I have an update on this spec.
I am willing to use Keras, and Keras include a lot of similar module with PyTorch.
I am very concerned how I need to convert a class based code(PyTorch)
import torch
import torch.nn as nn
from torch.nn import CrossEntropyLoss

class BERTEmbeddings(nn.Module):
def init(self, config):
super(BERTEmbeddings, self).init()
"""Construct the embedding module from word, position and token_type embeddings.
"""
self.word_embeddings = nn.Embedding(config.vocab_size, config.hidden_size)
self.position_embeddings = nn.Embedding(config.max_position_embeddings, config.hidden_size)
self.token_type_embeddings = nn.Embedding(config.type_vocab_size, config.hidden_size)
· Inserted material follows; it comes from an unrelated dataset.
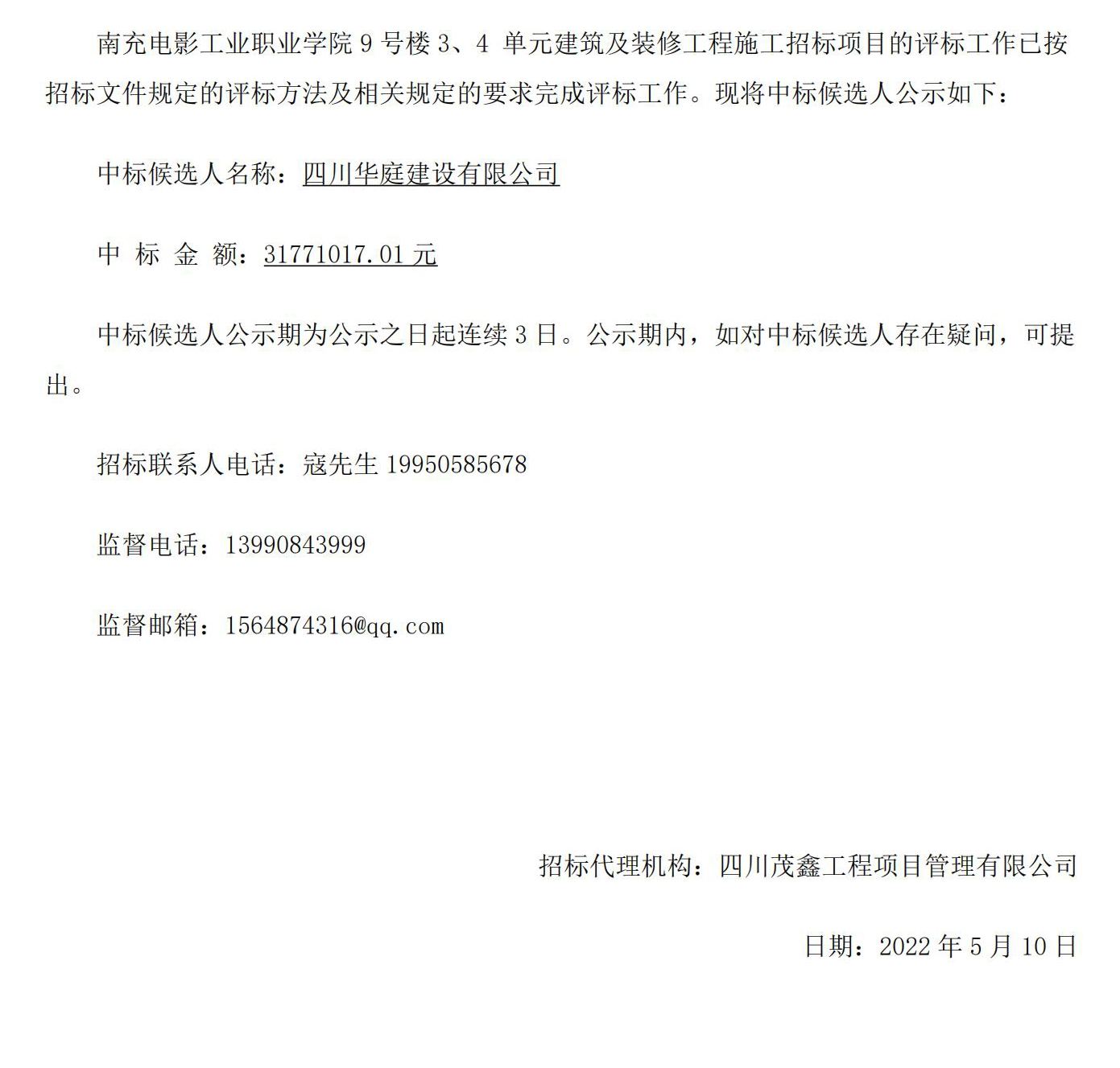 南充电影工业职业学院9号楼3、4 单元建筑及装修工程中标公示

    # self.LayerNorm is not snake-cased to stick with TensorFlow model variable name and be able to load
    # any TensorFlow checkpoint file
    self.LayerNorm = BERTLayerNorm(config)
    self.dropout = nn.Dropout(config.hidden_dropout_prob)

def forward(self, input_ids, token_type_ids=None):
    seq_length = input_ids.size(1)
    position_ids = torch.arange(seq_length, dtype=torch.long, device=input_ids.device)
    position_ids = position_ids.unsqueeze(0).expand_as(input_ids)
    if token_type_ids is None:
        token_type_ids = torch.zeros_like(input_ids)

    words_embeddings = self.word_embeddings(input_ids)
    position_embeddings = self.position_embeddings(position_ids)
    token_type_embeddings = self.token_type_embeddings(token_type_ids)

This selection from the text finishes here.